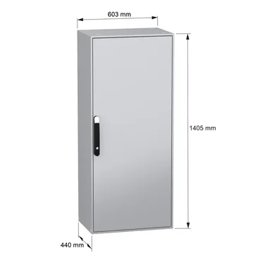 Spacial SM monobloc compact steel enclosure with plain front door. 1400 x 600 x 400 mm. Back panel welded, without mounting plate. 4 point door locking system with handle DB 5mm. Sheet steel. Protecti…
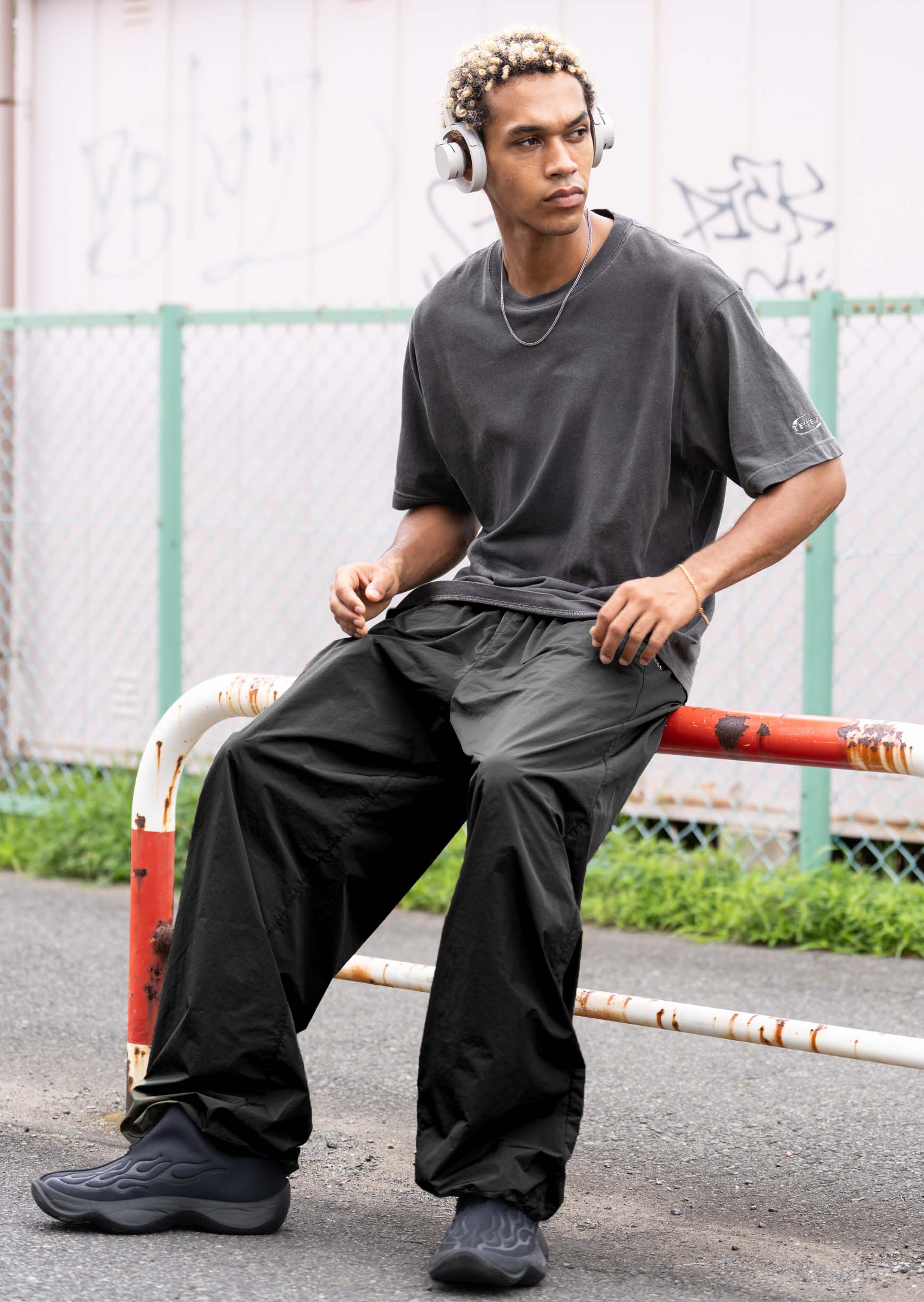 速乾性に優れた軽量ナイロン素材を採用し、シャカシャカした質感が軽快さとスポーティさを演出。 動きやすさを追求した設計で、アクティブなシーンにも最適です。大胆なワイドシルエットがモダンなストリート感を醸し出し、シンプルながらも印象的な存在感を放ちます。
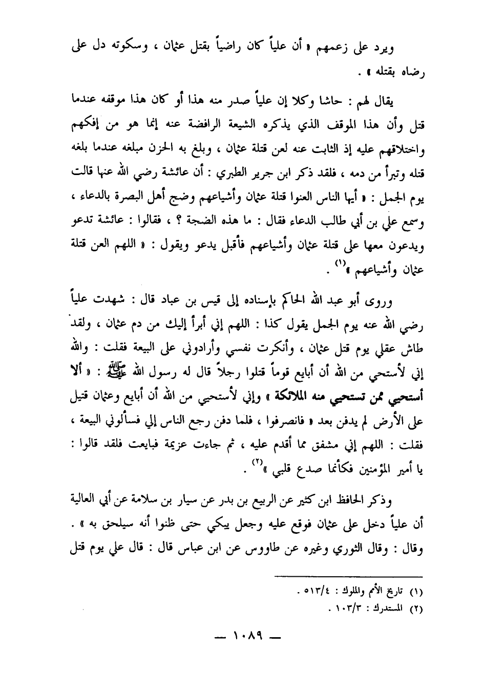 يقال لهم: حاشا وكلا إن علياً صدر منه هذا أو كان هذا موقفه عندما قتل وأن هذا الموقف الذي يذكره الشيعة الرافضة عنه إنما هو من إفكهم واختلاقهم عليه إذ الثابت عنه لعن قتلة عثمان، وبلغ به الحزن مبلغه عندما بلغه قتله وتبرأ من دمه، فلقد ذكر ابن جرير الطبري: أن عائشة رضي الله عنها قالت يوم الجمل: "أيها الناس العنوا قتلة عثمان وأشياعهم وضج أهل البصرة بالدعاء، وسمع علي بن أبي طالب الدعاء فقال: ما هذه الضجة؟، فقالوا: عائشة تدعو ويدعون معها على قتلة عثمان وأشياعهم فأقبل يدعو ويقول: "اللهم العن قتلة عثمان وأشياعهم"1.
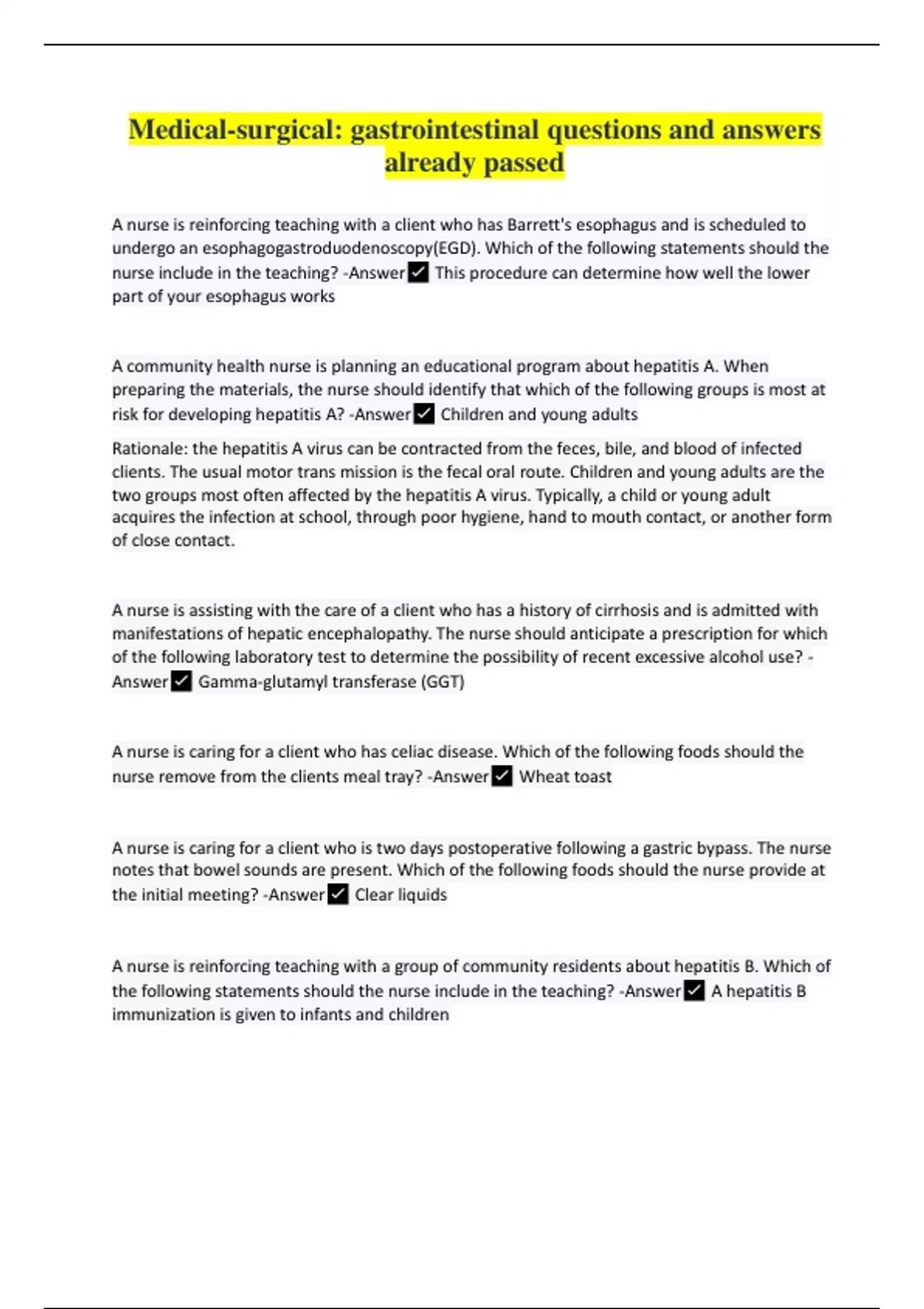 Medical-surgical: gastrointestinal questions and answers already passed A nurse is reinforcing teaching with a client who has Barrett's esophagus and is scheduled to undergo an esophagogastroduodenoscopy(EGD). Which of the following statements should the nurse include in the teaching? -Answer This procedure can determine how well the lower part of your esophagus works A community health nurse is planning an educational program about hepatitis A. When preparing the materials, the nurse should identify that which of the following groups is most at risk for developing hepatitis A? -Answer Children and young adults Rationale: the hepatitis A virus can be contracted from the feces, bile, and blood of infected clients. The usual motor trans mission is the fecal oral route. Children and young adults are the two groups most often affected by the hepatitis A virus. Typically, a child or young adult acquires the infection at school, through poor hygiene, hand to mouth contact, or another form of close contact. A nurse is assisting with the care of a client who has a history of cirrhosis and is admitted with manifestations of hepatic encephalopathy. The nurse should anticipate a prescription for which of the following laboratory test to determine the possibility of recent excessive alcohol use? -Answer Gamma-glutamyl transferase (GGT) A nurse is caring for a client who has celiac disease. Which of the following foods should the nurse remove from the clients meal tray? -Answer Wheat toast A nurse is caring for a client who is two days postoperative following a gastric bypass. The nurse notes that bowel sounds are present. Which of the following foods should the nurse provide at the initial meeting? -Answer Clear liquids A nurse is reinforcing teaching with a group of community residents about hepatitis B. Which of the following statements should the nurse include in the teaching? -Answer A hepatitis B immunization is given to infants and children A nurse is caring for a client who has a percutaneous endoscopic gastrostomy (PEG) tube and is receiving intermittent feedings. Prior to initiating the feeding, which of the following actions should the nurse take first? -Answer Place the client in semi Fowler's position. A client who is receiving a PEG tube feedings should be positioned with the head of the bed elevated at least 30° during and after feedings to decrease the risk of aspiration. A nurse is caring for a client who is scheduled to undergo a liver biopsy for a suspected malignancy. Which of the following laboratory findings should the nurse monitor prior to the procedure? -Answer Prothrombin time A major complication following a liver biopsy is hemorrhage. Many clients who have liver disease have clotting defects and are at risk for bleeding. Along with the PT, the activated partial thromboplastin time and a platelet count should be monitored. A nurse is collecting data from a client who is in the early stages of hepatitis A. Which of the following manifestations should the nurse expect? -Answer Anorexia Anorexia is an early manifestation of hepatitis A and is often severe. It is thought to result from the release of toxin by the damaged liver or by the failure of the damage liver cells to detoxify an abnormal product. A nurse is assisting with the admission of a client who has fulminate hepatic failure. Which of the following procedures should the nurse expect for this client? -Answer Liver transplant

EXERCISE
A faithful copy of the data is required: each word kept, each picture omitted.

YOUR SOLUTION
 Spacial SM monobloc compact steel enclosure with plain front door. 1400 x 600 x 400 mm. Back panel welded, without mounting plate. 4 point door locking system with handle DB 5mm. Sheet steel. Protecti…
 速乾性に優れた軽量ナイロン素材を採用し、シャカシャカした質感が軽快さとスポーティさを演出。 動きやすさを追求した設計で、アクティブなシーンにも最適です。大胆なワイドシルエットがモダンなストリート感を醸し出し、シンプルながらも印象的な存在感を放ちます。
 يقال لهم: حاشا وكلا إن علياً صدر منه هذا أو كان هذا موقفه عندما قتل وأن هذا الموقف الذي يذكره الشيعة الرافضة عنه إنما هو من إفكهم واختلاقهم عليه إذ الثابت عنه لعن قتلة عثمان، وبلغ به الحزن مبلغه عندما بلغه قتله وتبرأ من دمه، فلقد ذكر ابن جرير الطبري: أن عائشة رضي الله عنها قالت يوم الجمل: "أيها الناس العنوا قتلة عثمان وأشياعهم وضج أهل البصرة بالدعاء، وسمع علي بن أبي طالب الدعاء فقال: ما هذه الضجة؟، فقالوا: عائشة تدعو ويدعون معها على قتلة عثمان وأشياعهم فأقبل يدعو ويقول: "اللهم العن قتلة عثمان وأشياعهم"1.
 Medical-surgical: gastrointestinal questions and answers already passed A nurse is reinforcing teaching with a client who has Barrett's esophagus and is scheduled to undergo an esophagogastroduodenoscopy(EGD). Which of the following statements should the nurse include in the teaching? -Answer This procedure can determine how well the lower part of your esophagus works A community health nurse is planning an educational program about hepatitis A. When preparing the materials, the nurse should identify that which of the following groups is most at risk for developing hepatitis A? -Answer Children and young adults Rationale: the hepatitis A virus can be contracted from the feces, bile, and blood of infected clients. The usual motor trans mission is the fecal oral route. Children and young adults are the two groups most often affected by the hepatitis A virus. Typically, a child or young adult acquires the infection at school, through poor hygiene, hand to mouth contact, or another form of close contact. A nurse is assisting with the care of a client who has a history of cirrhosis and is admitted with manifestations of hepatic encephalopathy. The nurse should anticipate a prescription for which of the following laboratory test to determine the possibility of recent excessive alcohol use? -Answer Gamma-glutamyl transferase (GGT) A nurse is caring for a client who has celiac disease. Which of the following foods should the nurse remove from the clients meal tray? -Answer Wheat toast A nurse is caring for a client who is two days postoperative following a gastric bypass. The nurse notes that bowel sounds are present. Which of the following foods should the nurse provide at the initial meeting? -Answer Clear liquids A nurse is reinforcing teaching with a group of community residents about hepatitis B. Which of the following statements should the nurse include in the teaching? -Answer A hepatitis B immunization is given to infants and children A nurse is caring for a client who has a percutaneous endoscopic gastrostomy (PEG) tube and is receiving intermittent feedings. Prior to initiating the feeding, which of the following actions should the nurse take first? -Answer Place the client in semi Fowler's position. A client who is receiving a PEG tube feedings should be positioned with the head of the bed elevated at least 30° during and after feedings to decrease the risk of aspiration. A nurse is caring for a client who is scheduled to undergo a liver biopsy for a suspected malignancy. Which of the following laboratory findings should the nurse monitor prior to the procedure? -Answer Prothrombin time A major complication following a liver biopsy is hemorrhage. Many clients who have liver disease have clotting defects and are at risk for bleeding. Along with the PT, the activated partial thromboplastin time and a platelet count should be monitored. A nurse is collecting data from a client who is in the early stages of hepatitis A. Which of the following manifestations should the nurse expect? -Answer Anorexia Anorexia is an early manifestation of hepatitis A and is often severe. It is thought to result from the release of toxin by the damaged liver or by the failure of the damage liver cells to detoxify an abnormal product. A nurse is assisting with the admission of a client who has fulminate hepatic failure. Which of the following procedures should the nurse expect for this client? -Answer Liver transplant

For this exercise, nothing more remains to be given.